I’m sure you’ve heard the statement that America is the melting pot. We all understand what it means: We Americans come from a multitude of countries, but we’ve all blended into one country. Our ancestors were immigrants, and we are all children of immigrants.
But with this coming together, we have learned to become one united country. So we have a national motto: “E pluribus unum.” It means, “Out of the many, one.” Our heritage is many countries, but now we are the United States of America.
But there is a big question here: What makes us one? The answer lies in the realization that we share the same American dreams and values. We believe in our divinely bestowed rights of life, liberty and the pursuit of happiness for all. We desire justice and equal opportunity for everyone.
Most of all, we are one because we can understand each other, and this is possible because we all speak one language – English.

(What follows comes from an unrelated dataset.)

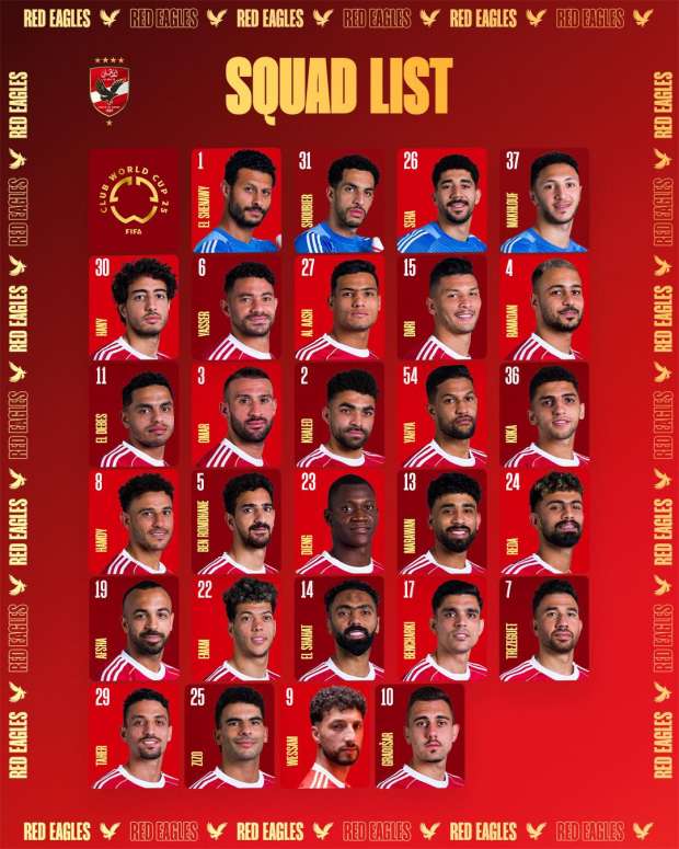وضمت القائمة التي أعلنها النادي الأهلي، عبر حساباته الرسمية على منصات التواصل الاجتماعي، 28 لاعبا، سيدافعون عن ألوان المارد الأحمر في بطولة العالم للأندية، التي تقام للمرة الأولى بمشاركة 32 ناديً.

Some of us had forebears from English-speaking countries. Others of us had forebears who came from countries where a language other than English was spoken. It was not long until the latter learned to speak and use English.
I learned about the melting pot early. Perhaps you did, too. In my school, there were many kids from homes where foreign languages were spoken. These kids understood what their parents were saying, but when we went out to the playground with other boys and girls, we all spoke English.
When those kids grew up and got married, they often married a person from an ethnic group different from their own. So English was the native language of the next generation. The melting pot was working.
You can put carrots and string beans in the same pot, and mix them together, but you can still see evidence of carrots and string beans. Yes, we are of English, Swedish, Polish, Italian, French and Dutch backgrounds, but we all speak English. You can tell by our names where our ancestors came from, but we’re all Americans now. The melting pot is working.
My paternal grandparents came to America from Sweden. My father told me he and his siblings spoke Swedish as children. They went to a church where the service was conducted in Swedish. My father’s generation, the first generation born in America, wanted a service conducted in English. So that became the evening service.
Another generation later, the English service was transferred to Sunday morning, and the Swedish service, for the old folks, was held in the evening.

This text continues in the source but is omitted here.